Volume 10 Part 1 Article 52: Fructification of Agaricus bisporus (Lge.) IMB. in Relation to the Relevant Microflora in the Casing Soil

Volume 10 Part 1 Article 52
Year 1979
Title: Fructification of Agaricus bisporus (Lge.) IMB. in Relation to the Relevant Microflora in the Casing Soil
Author: H.R. Visscher


Since 1960, when Eger introduced the “Halbschalen” test, it has been believed that bacteria in the casing soil – identified in English soil as Pseudomonas, Group IV or ft. putida (Hayes et al., 1969; des Thomas et al. 1964) are indispensable for fructification in A. bisporus.

Eger’s idea’s and Tschierpe’s opinion (Tschierpe, 1959; Tschierpe and Sinden, 1964, 1965), that a fall in concentration of CO2 would be sufficient for onset of fructification, were reconciled by Long and Jacobs (1968), who showed that under non-sterile conditions the best fructification occurred with a volume fraction of CO2 in the range 0.3-1 dm3/m3 (=0.03-0.1%). Under sterile conditions, no fructification started, whatever the concentration of CO2.

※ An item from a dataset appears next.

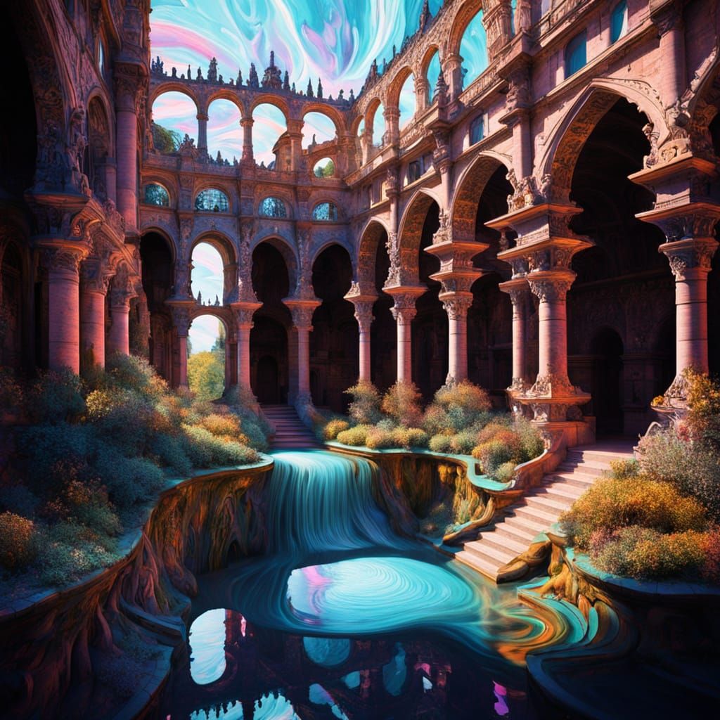 A dreamlike image of the Würzburg Residenz's façade transformed into a surreal, neon-lit wonderland with swirling colors, fractal patterns, and impossible geometry, evoking a sense of uncanny and unsettling atmosphere.
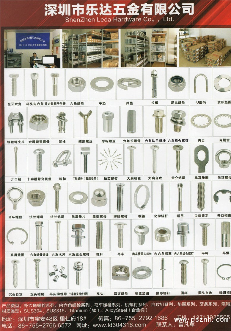 自成立以来,秉持为客户提供‘一站式采购’的理念,响应客户要求,为顾客提供了各种材料的高品质紧固件产品。品种包括SUS不锈钢螺丝、碳钢螺丝、合金钢螺丝、电子螺丝、铜螺丝、尼龙塑料螺丝及各类特种材料非标螺丝。俱体如下:SUS304、SUS316、 316L、310S、317L、321、630、631、2Cr13、1Cr13、904L、0Cr25Ni20、00Cr22Ni5Mo3N、0Cr17Ni4Cu4Nb、GH132、2205、2520、2507、660A、MONEL400、17-4PH、S32750、S32760、N7080、1.4539、1.4460、1.4462、C-276、B8、B8M、B7、B7M、L7、L7M、B6、B16、B637、2H、2HM、F51、F53、F55、25Cr2MoV、35CrMoV、42CrMoA、40MnB、40MnVB等。产品均符合相关国标(GB)、德标(DIN)、美标(ANSI/ASME)、日标(JIS)、国际标准(ISO)。

Eger’s reasoning (1961) that the bacteria would thrive on volatile metabolites from the mushroom mycelium (Lockard and Kneebone, 1962) was confirmed by Hayes et al. (1969) and Eger (1972), culturing the bacteria on one or more of those metabolites as sole carbon source.

Since some fructification occurred under sterile conditions in the presence of activated charcoal (Eger, 1961; Long and Jacobs, 1974; Angeli-Couvy 1975, 1977), Long and Jacobs concluded that the absorbent action of the charcoal would serve as a model for the microbial effect in inducing mushroom formation. More authors liked to reduce the role of the relevant microflora to a mere removal of excess volatiles or self-inhibitors of fruiting (Stoller, 1954; Wood, 1976). Their opinion will be discussed in this paper. The ideas on the relevant microflora described so far originated from trials on a laboratory scale. In this paper, I will give an impression of ways of checking or extending those ideas on a more practical scale, mainly in the growing rooms of our Mushroom Experimental Station, whose facilities have been described earlier (Pompen and Gerrits, 1972).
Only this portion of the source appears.